While I could easily find a way to identify the last known status at the end of a month for a particular document, whenever a change occurred during this very month - I'm having a hard time to 'duplicate' this status for any following months until a new change occurs so that the analysis time-frame is continuous and therefore provides data for every months over this period.
I've included the result I aim at and a sample SQL code that goes with it.
Do you think there is a proper way to create such query in standard SQL?
Thanks for your time and suggestions.
CREATE TABLE [dbo].[DocumentsHistory]
(
[DocumentID] [int] NOT NULL ,
[DocumentUpdateDate] [datetime] NULL ,
[LastDayOfTheMonth] [datetime] NULL ,
[DocumentStatus] [varchar](30) NULL ,
[DocumentHistoryID] [varchar](8) NOT NULL
)
INSERT INTO [DocumentsHistory] ([DocumentID],[DocumentUpdateDate],[LastDayOfTheMonth],[DocumentStatus],[DocumentHistoryID])VALUES(75596,'Mar 12 2010 12:00:00:000AM','Mar 31 2010 12:00:00:000AM','INITIALIZED','00003JDP')

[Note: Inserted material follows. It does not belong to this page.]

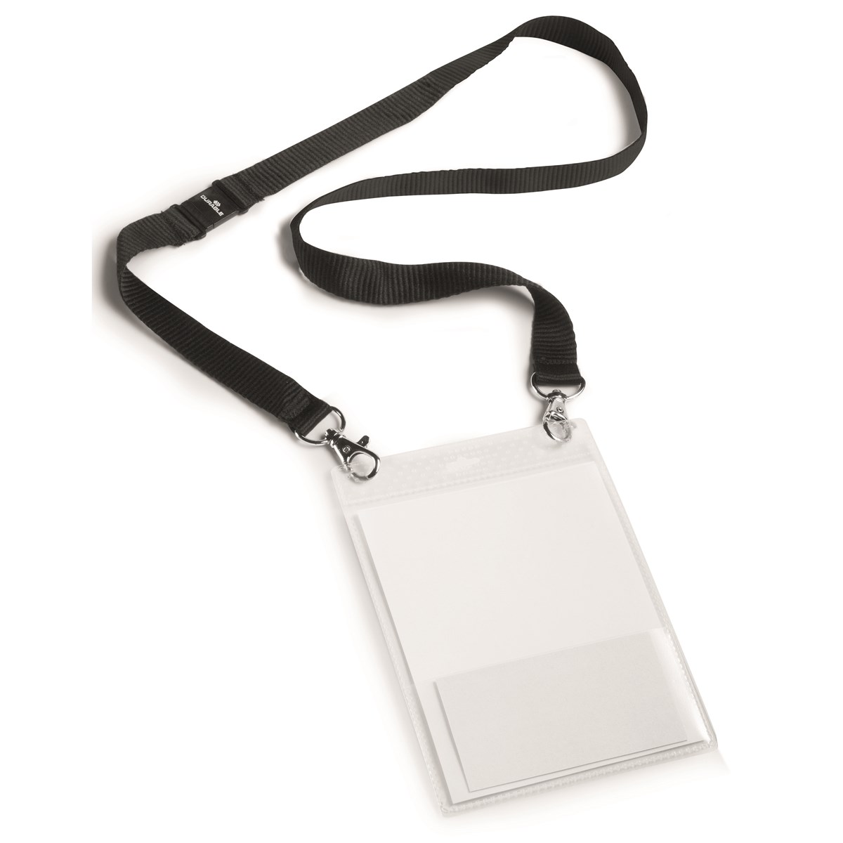 Namnskyltsficka i A6-format som öppnas upptill. En extra ficka för visitkort på ena sidan. Levereras med ett 88 cm långt textilhalsband och säkerhetsspänne. Dubbla karbinhakar gör att skylten alltid hänger rakt ner utan att vrida sig. 10 st/förp.

INSERT INTO [DocumentsHistory] ([DocumentID],[DocumentUpdateDate],[LastDayOfTheMonth],[DocumentStatus],[DocumentHistoryID])VALUES(85144,'Jun 14 2011 12:00:00:000AM','Jun 30 2011 12:00:00:000AM','CLOSED','00004AQ3')
INSERT INTO [DocumentsHistory] ([DocumentID],[DocumentUpdateDate],[LastDayOfTheMonth],[DocumentStatus],[DocumentHistoryID])VALUES(85144,'Mar 31 2011 12:00:00:000AM','Mar 31 2011 12:00:00:000AM','RESPONDED','000046I8')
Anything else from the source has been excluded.